View on Semantic Scholar

Summary

The paper introduces LinOSS, a novel approach that leverages forced second-order ODEs to enable stable oscillatory sequence modeling.
It employs implicit and implicit-explicit discretizations ensuring global stability and time reversibility for efficient computation.
Empirical evaluations show LinOSS outperforms state-of-the-art models in tasks like long-range classification, forecasting, and regression.
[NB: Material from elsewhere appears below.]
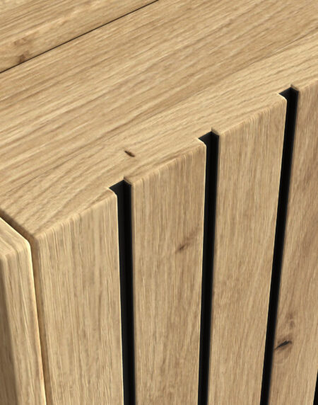La belleza de las puertas en madera con franjas para todo el conjunto del mobiliario sobre madera roble artesano y pie metálico, una combinación actual muy atractiva.

LinOSS: A Novel Approach to Sequence Modeling with Oscillatory State-Space Models

The paper introduces Linear Oscillatory State-Space models (LinOSS), a novel approach to sequence modeling that leverages stable discretizations of forced linear second-order ordinary differential equations (ODEs) to model oscillators. The model distinguishes itself through several key properties, including provable stability with nonnegative diagonal state matrices, symplectic discretization for time reversibility, and universality as an approximator of continuous and causal operators between time-series. Empirical evaluations demonstrate that LinOSS consistently matches or outperforms state-of-the-art sequence models on a wide range of tasks.

Model Formulation

The LinOSS model is based on the following system of forced linear second-order ODEs:

$\begin{aligned} \mathbf{x}^{\prime\prime}(t) &= -\Omega \mathbf{x}(t) + B \mathbf{u}(t) + \mathbf{b}, \ \mathbf{y}(t) &= C \mathbf{x}(t) + D \mathbf{u}(t), \end{aligned}$

where $\mathbf{x}(t) \in \mathbb{R}^m$ is the hidden state, $\mathbf{y}(t) \in \mathbb{R}^q$ is the output state, $\mathbf{u}(t) \in \mathbb{R}^p$ is the time-dependent input signal, and $\Omega \in \mathbb{R}^{m \times m}$ , $B \in \mathbb{R}^{m \times p}$ , $C \in \mathbb{R}^{q \times m}$ , $D \in \mathbb{R}^{q \times p}$ , and $\mathbf{b} \in \mathbb{R}^m$ are weights and biases. A crucial aspect of this formulation is that $\Omega$ is a diagonal matrix with nonnegative entries, which ensures stable dynamics.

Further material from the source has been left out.